Jeffrey Resnick email -
I agree with you in saying that losses are a clear signal to a firm to make changes. However, can this argument be made when a company is unable to make a profit due to outside factors such as a global recession?
Steve Horwitz says:
Great question Jeffrey. Even in a recession, losses should signal to firms that they need to change their behavior. If consumer spending slows down as a result of the recession, that spending likely changes its composition, perhaps as people buy more "necessities" and fewer big screen TVs. If so, firms who sell the latter need to adjust to the new situation.
It's important to remember that it losses don't mean the firm itself has done something wrong. Losses can happen through no action of the firm's, but just because demand for its product changes, for whatever reason - including a recession. If so, then those firms have to adjust. You could have been the most "efficient" maker of horse-drawn buggies but once the automobile came into being, you were going to start making losses and would have to adjust.
T.J. Parsons email -
It seems to me that people continue to buy certain items despite the cost. For instance, cigarettes.

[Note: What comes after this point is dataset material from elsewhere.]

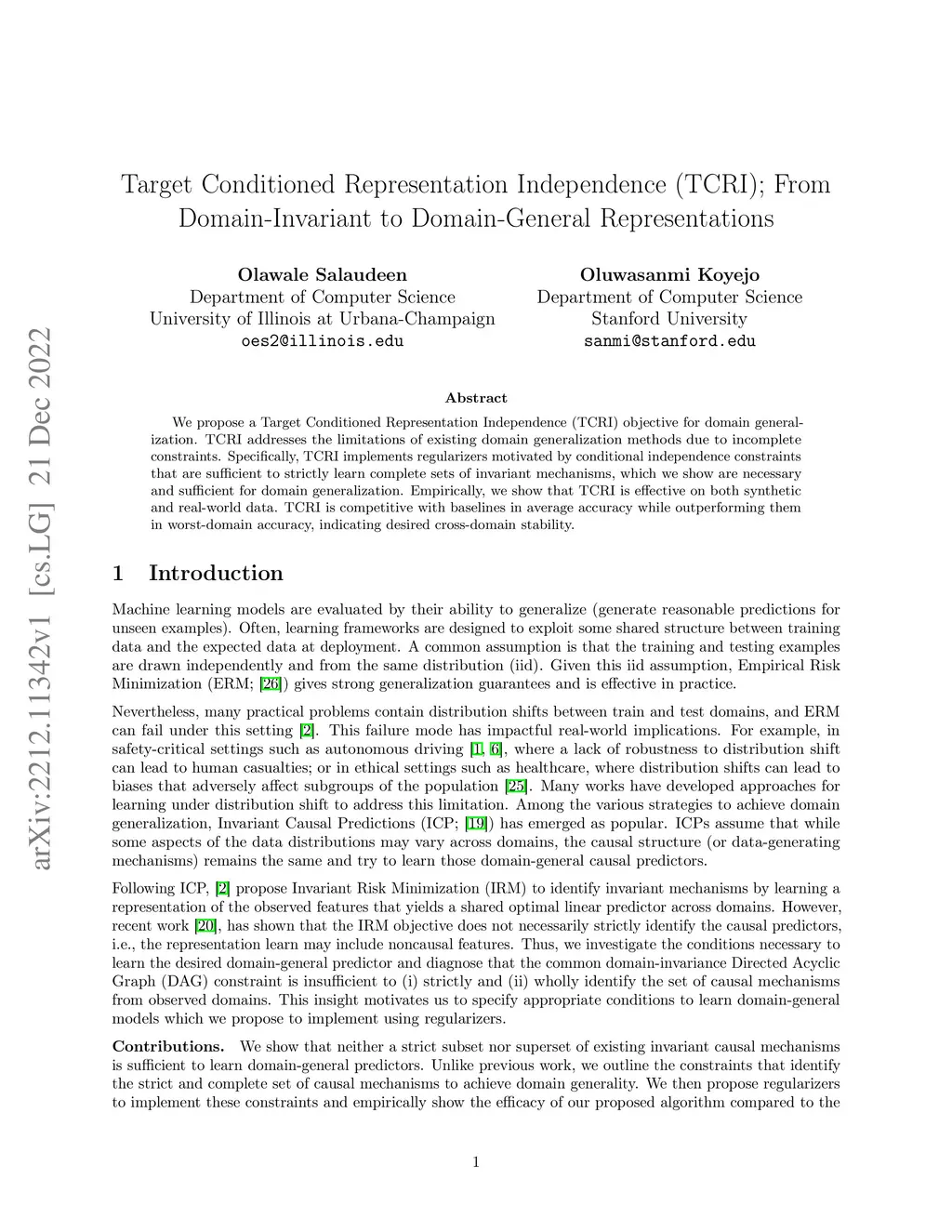 We propose a Target Conditioned Representation Independence (TCRI) objective for domain generalization. TCRI addresses the limitations of existing domain generalization methods due to incomplete constraints. Specifically, TCRI implements regularizers motivated by conditional independence constraints that are sufficient to strictly learn complete sets of invariant mechanisms, which we show are necessary and sufficient for domain generalization. Empirically, we show that TCRI is effective on both synthetic and real-world data. TCRI is competitive with baselines in average accuracy while outperforming them in worst-domain accuracy, indicating desired cross-domain stability.

Am I correct in saying that people would continue to buy such products despite sudden increases to its price?
Steven Horwitz says:
This is the question of what we call "price-elasticity of demand." That is, how much does people's demand respond to a change in price?
Things like cigarettes, gasoline, and alcohol are described as "inelastically" demanded because people don't react strongly to price. If the price goes up, they cut back their purchases, but just a little. (This, btw, is why all of those are so heavily taxed - adding the tax on top of the prices doesn't lead people to just stop buying the good.)

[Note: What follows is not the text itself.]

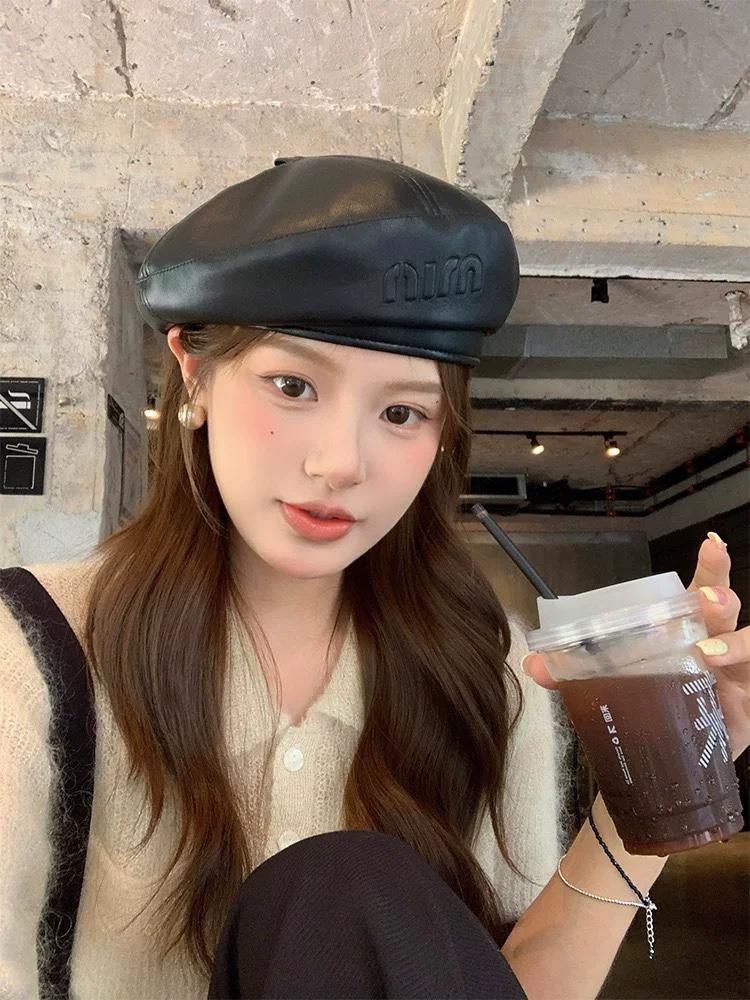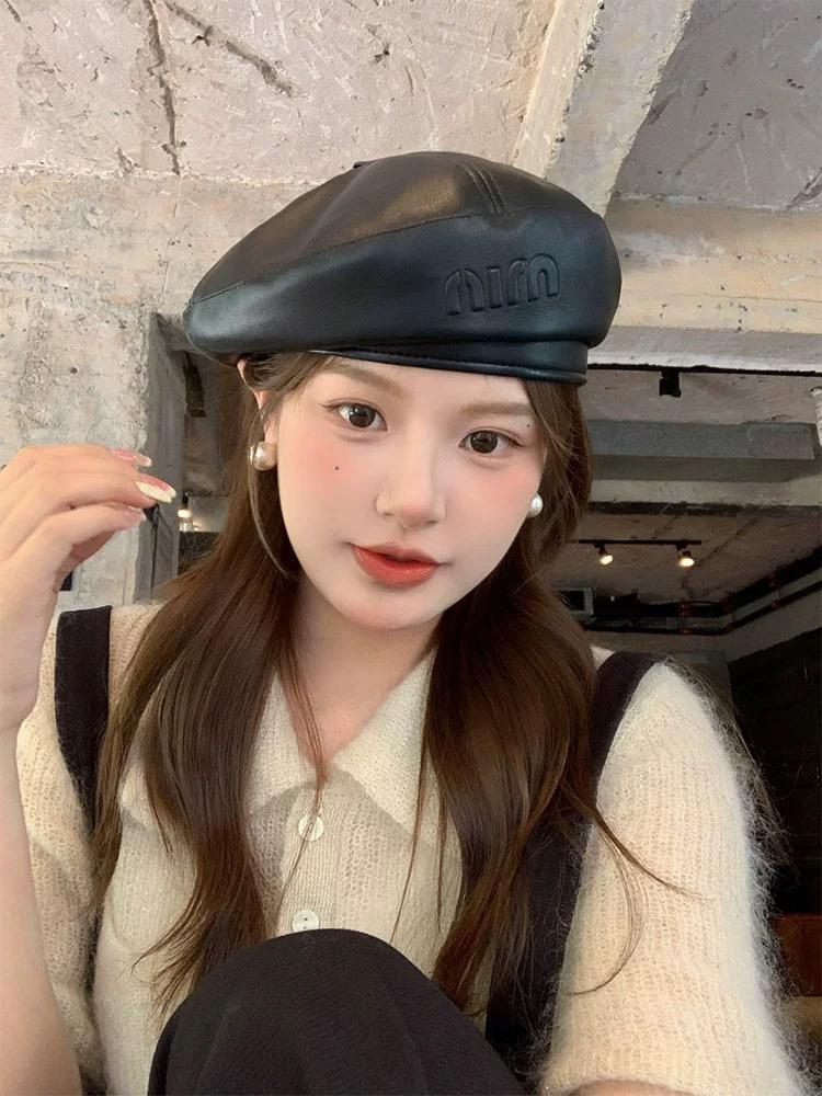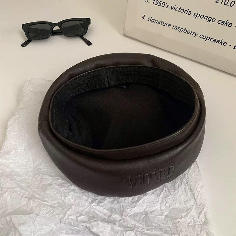 Boina Elegante Retro de PU Estilo Hong Kong Simple Combinable Sombrero de Pintor Artístico Sombrero Protector Solar de Viaje para Mujer

But even for these goods, people still cut back when the price goes up, just not a lot. The recent increase in gas prices is evidence: in the US, people are driving billions of miles less this year than last and buying less gas. Not a lot less, but some. So even in those cases, people do respond to prices, and the longer period of time you consider, the more "elastic" or stronger their response.
Adam Silver email -
I have an aunt who lives in the United States, and she tells me that healthcare is simply not affordable for many Americans. Why is this the case? How can the price of medical services in the US be lowered?
Steven Horwitz says:
Well, this could be a blog or a book on its own. Let me pick a few things we could do. Healthcare prices in the US are higher than they could be thanks to a variety of government regulations that limit who can perform certain medical services, including the cartel that doctors have over getting a license.

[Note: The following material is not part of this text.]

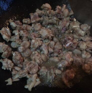 牛蛙切成小块,加入料酒、白醋、食盐腌制十分钟,锅内放油烧至八成熟,倒入牛蛙爆炒脱生。

Another problem is that you cannot buy health insurance from a seller in another state. That limits competition and keeps prices higher than they need to be.
A further problem is the connection of employment and insurance, which is also the product of government policies that treat non-monetary benefits differently, making it profitable for firms to offer insurance rather than paying people more. With so many people covered by insurance, individuals don't often know how much things cost and can't make more individualized decisions about how to spend. With a third party paying for health costs, there's little "price awareness."
Basically, the US health care industry is FAR from a free market. That said, it's still pretty good and we don't have the problems with queues that you do in Canada, as the number of folks crossing the border going south (except in Windsor, where they go north ;) ) testifies to.
Hafiz email -
Great discussion so far! We have less than 20 minutes remaining in the chat, so if you have any more questions or would like to respond to one of Professor Horwitz's answers, please do so now.
Hafiz email -
This concludes our discussion. Thanks for your participation in this month's chat. Please join us again in July!